# Problem details:
Please produce an exact transcription of the lines from the one containing "Conjunto de Suéter" through the last line of the entries, leaving out every picture.

Dataset entries
========

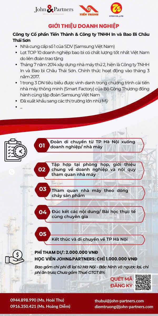 💡 Hãy cùng chúng tôi tham gia chuyến Industrial Tour đến thăm quan & học hỏi tại: Công ty Cổ phần Tiến Thành & Công ty TNHH In và Bao bì Châu Thái Sơn
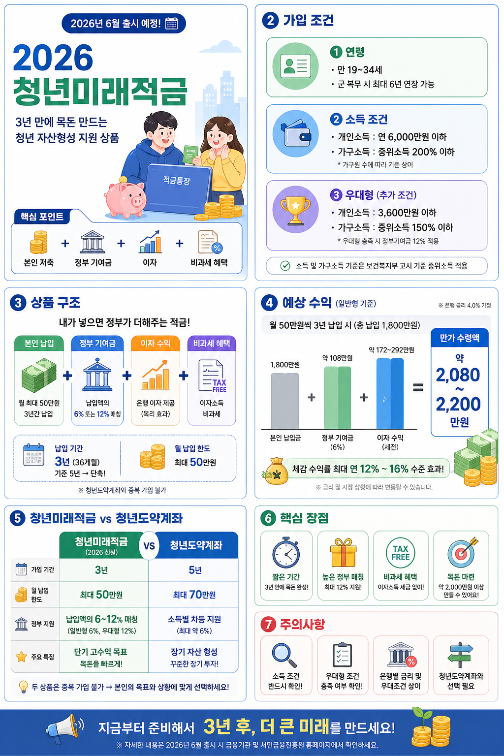 2026년 6월 출시 청년미래적금의 가입 조건, 일반형·우대형 차이, 정부 기여금, 청년도약계좌와의 차이까지 한 번에 정리했습니다.
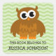 This book belongs to brown owl bookplate label stickers. Cute forest animal design for grammar / elementary school kids. Green zig zag chevron pattern background. Custom school supplies with personalised name of child. Square or round shape.
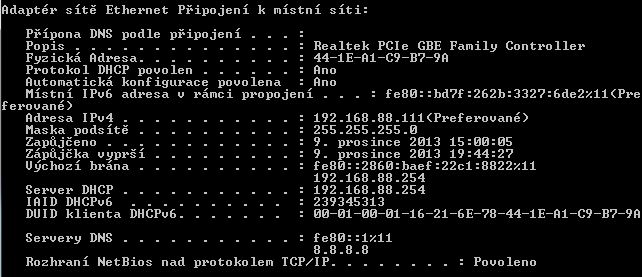 Adresa IPv4 . . . . . . . . . . . : 192.168.88.111(Preferované)
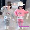 Conjunto de Suéter de Outono para Meninas 2025 Novo Conjunto Laço Manga Longa Tricô Infantil Saia Midi Conjunto de Duas Peças
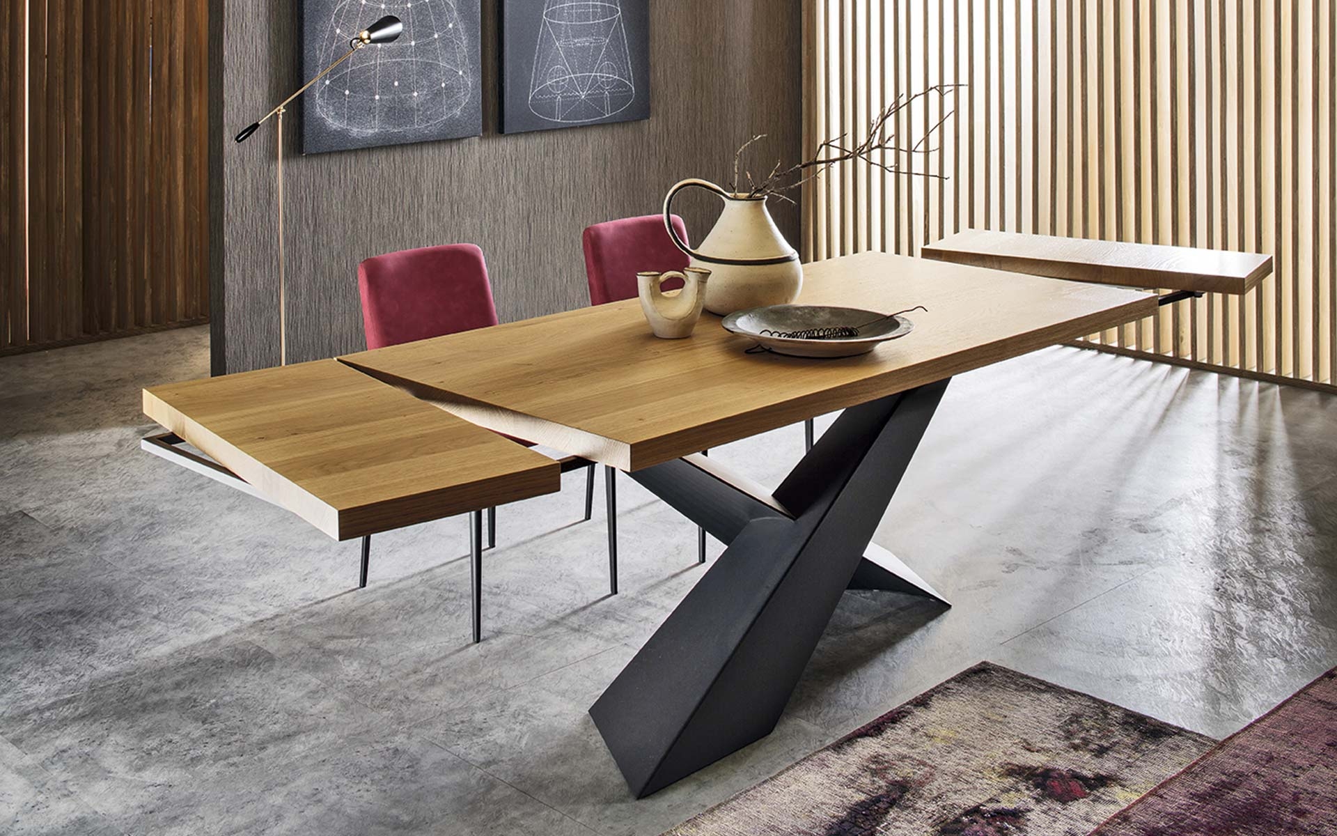 Living Legno SP 50 Riflessi TableLiving, разработанный Riflessi, представляет собой стол с деревянной столешницей толщиной 50 мм. с неровными краями из ореха каналетто или дуба. Основание из окрашенного алюминия. Доступны в различных вариантах отделки и размерах.
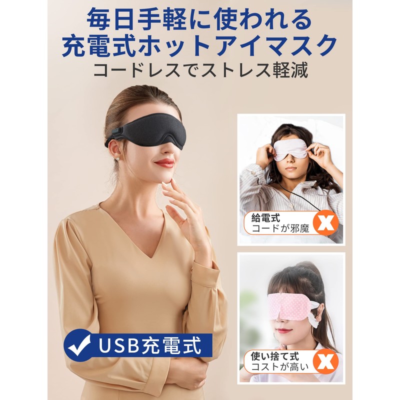 - (Convenient to Carry and Useful in Various Occasions) This eye mask can be used for 135 minutes on a full charge, making it convenient to carry. Even when you are unfamiliar with travel, business trips, bullet train or night bus, you can obstruct your vision and create an easy sleep environment for a variety of occasions. For insomnia sufferers, we can offer you a good night's sleep

========

# Worked solution:
 Conjunto de Suéter de Outono para Meninas 2025 Novo Conjunto Laço Manga Longa Tricô Infantil Saia Midi Conjunto de Duas Peças
 Living Legno SP 50 Riflessi TableLiving, разработанный Riflessi, представляет собой стол с деревянной столешницей толщиной 50 мм. с неровными краями из ореха каналетто или дуба. Основание из окрашенного алюминия. Доступны в различных вариантах отделки и размерах.
 - (Convenient to Carry and Useful in Various Occasions) This eye mask can be used for 135 minutes on a full charge, making it convenient to carry. Even when you are unfamiliar with travel, business trips, bullet train or night bus, you can obstruct your vision and create an easy sleep environment for a variety of occasions. For insomnia sufferers, we can offer you a good night's sleep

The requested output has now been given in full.